Oh my. Where to begin with this account of the journey of André Leon Talley’s gilded life, accompanied at all times by swathes of Louis Vuitton luggage? Talley, a long-time creative director at Vogue, worked in fashion and glossy magazines his entire adult life, and at 71 still has a bespoke designer shoe in the game.
The Chiffon Trenches recounts half a century of excess in almost every non-essential area of life, which is what makes it such a bitchy and enjoyable read, even if I did need a lie-down afterwards. After all, it’s hard to be a journalist slumming it in 2020 and cycling around town to assignments (me), when Talley’s employers, Condé Nast and other magazines, routinely paid for his “town car” and driver in New York and Paris for years.
Talley initially tried working as a receptionist but it was “too tragic”, as he says with the trademark drama that defines his overwrought writing style. “I was tall, thin, and adored by all who met me,” he writes at one point. Answering phones was never going to cut it as a career for a man who cheerfully admits to being an unapologetic snob and drops famous names like hailstones throughout his memoir.
He was close friends with Karl Lagerfeld for decades, until he was tragically cancelled. He socialised with Andy Warhol, Bianca Jagger, Naomi Campbell, Lee Bouvier Radziwill (sister of Jackie Onassis), Princess Gloria von Thurn und Taxis, Marc Jacobs, Manolo Blahnik and literally dozens of others. (Blahnik wrote the cover blurb.)
Expense accounts
His dedication to fashion led first to a job as Paris correspondent for Women’s Wear Daily (WWD), and then as creative director at American Vogue. It’s the insider descriptions of both this rarefied world of fashion and of working in magazine journalism during an era of astonishing expense accounts that make his memoir such an addictive read.
Fashion houses were run like mini empires. The designers bankrolled their friends, “muses” and, even in the case of Karl Lagerfeld, their antique dealer. It appeared the ethical boundaries all but vanished between designers and the fashion journalists like Talley who covered them.

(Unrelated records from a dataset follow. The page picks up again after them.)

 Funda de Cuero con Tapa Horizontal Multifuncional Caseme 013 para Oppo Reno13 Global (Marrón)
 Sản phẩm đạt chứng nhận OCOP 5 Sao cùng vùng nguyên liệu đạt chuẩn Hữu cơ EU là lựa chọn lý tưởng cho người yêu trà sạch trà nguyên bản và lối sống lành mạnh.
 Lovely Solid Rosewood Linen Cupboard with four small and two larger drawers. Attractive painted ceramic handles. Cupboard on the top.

At one designer’s house, for example, Talley snorts a line of coke “to be polite to my host”. When Lagerfeld invited him to stay at Christmas, he flew him to Paris by Concorde, and had his personal driver meet Talley at the airport to drive to the country mansion. Talley’s Christmas gift was a personalised Fabergé pin with his initials written in diamonds. Another of Lagerfeld’s villas, which Talley often visited, had an Olympic-sized swimming pool where “you could hear music underwater”. All this is breezily related without a shred of embarrassment.
Mind you, Condé Nast itself was crazily extravagant with money towards its staff. In 1988 the company gave him an interest-free loan to buy a house for his grandmother. When he worked for Vogue in Paris, it paid for his grand apartment by Les Invalides, his restaurant bills and his significant dry-cleaning bills, as well as a personal assistant who doubled as his on-call driver. Ah, those were the astounding moneyed days to be a journalist.
Hatchet job
The person who receives almost as much air time in this memoir as Talley is Anna Wintour, his editor at American Vogue, where she still presides. Wintour gets an entire chapter to herself, and she probably needed to have her trademark sunglasses on to hide behind while she read it. Talley was gradually frozen out from his job at Vogue by Wintour, and it’s impossible to read his exposé of her as anything but a form of public revenge.

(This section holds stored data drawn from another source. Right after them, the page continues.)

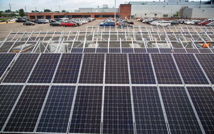 A General Motors planeja gerar ou ser fonte a energia elétrica 100% vinda de energias renováveis – como a eólica, solar e de gás de aterro – até 2050 para suas 350 operações em 59 países.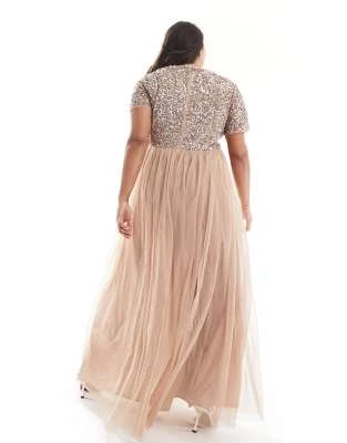 ASOS Edition Curve – Vestito Corto Con Decorazioni E Frange Con Perline Color Cipria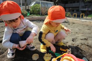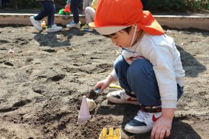 公園遊びでは大好きな乗り物を走らせて遊んだり、砂で形をとって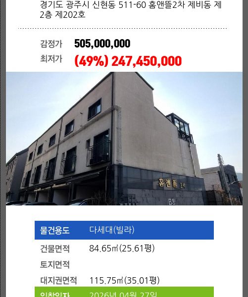 매각대상 공시가격2~3억 경매종류 임의경매 사건접수일 2025-06-18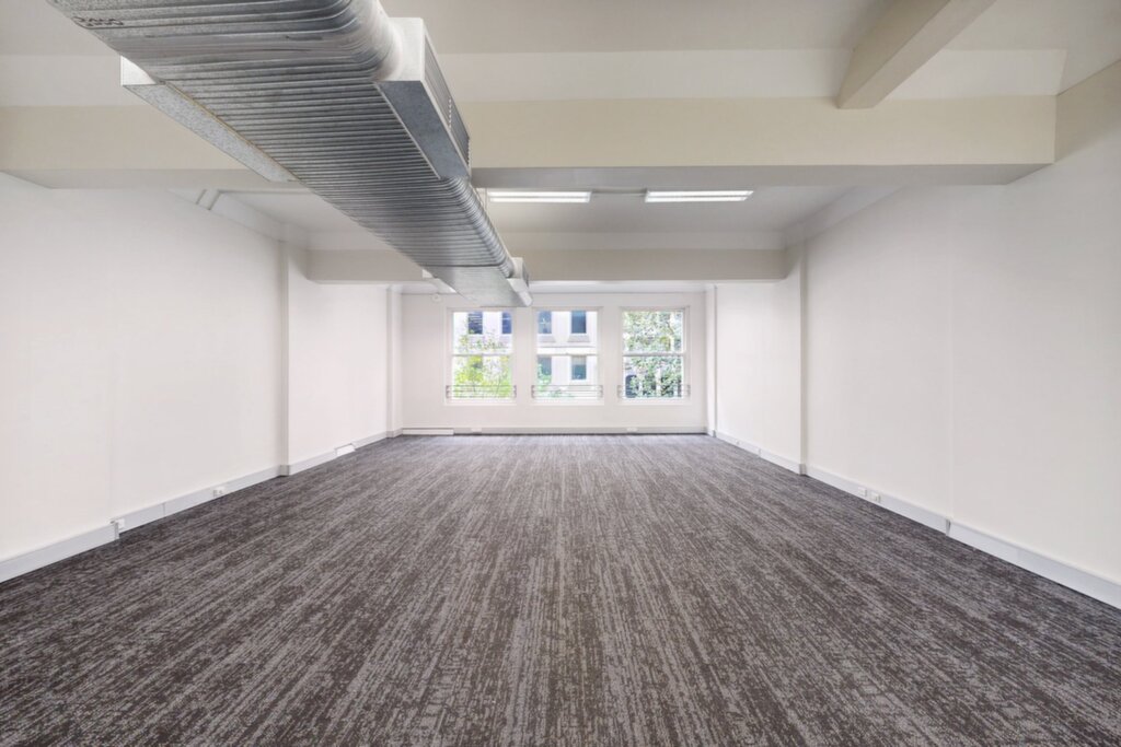 Boardroom, open-plan workspace, kitchenette and bathrooms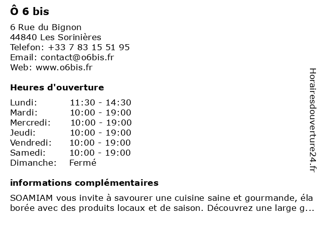 | Dimanche | Fermé |
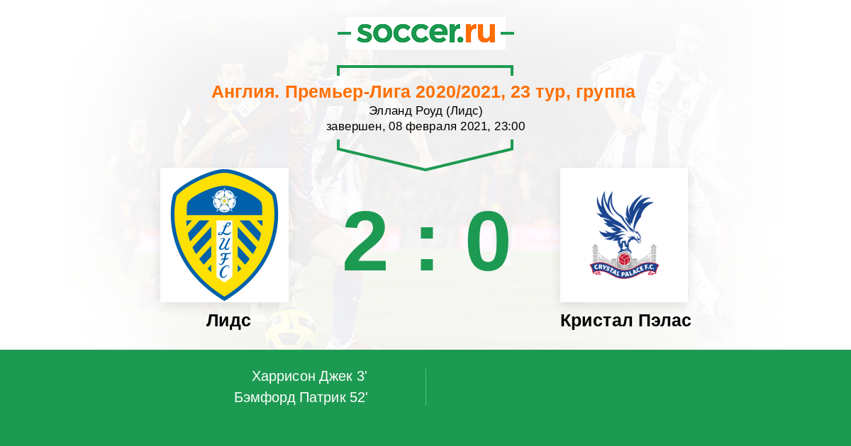 Протокол матча Лидс против Кристал Пэлас

As a hatchet job it’s pretty spectacular. These are a few samples of very, very many:
“Simple human kindness. No, she is not capable.”
“The Empress Wintour, in her power, has disappointed me in her humanity.”
“There are so many people who worked for her and suffered huge emotional scarring. Women and men, designers, photographers, stylists; the list is endless.”
For years, Talley personally assisted Wintour in her choice of designer outfit and accessories to wear to the Met Ball, to which she alone invites all guests; a night of ultimate “optics” of her power. He annually attended these fittings. “If she asks me to attend her couture fitting after this book is published, I will be surprised,” he writes. Me too!
Aside from all the gossip, name-dropping and insider information in this memoir, we are reminded that Talley was the only prominent black man in fashion journalism from 1988 to the appointment of Edward Enniful as editor of British Vogue in 2017. That disgraceful and unpalatable fact alone makes his story all the more relevant today, and Talley’s achievements so remarkable.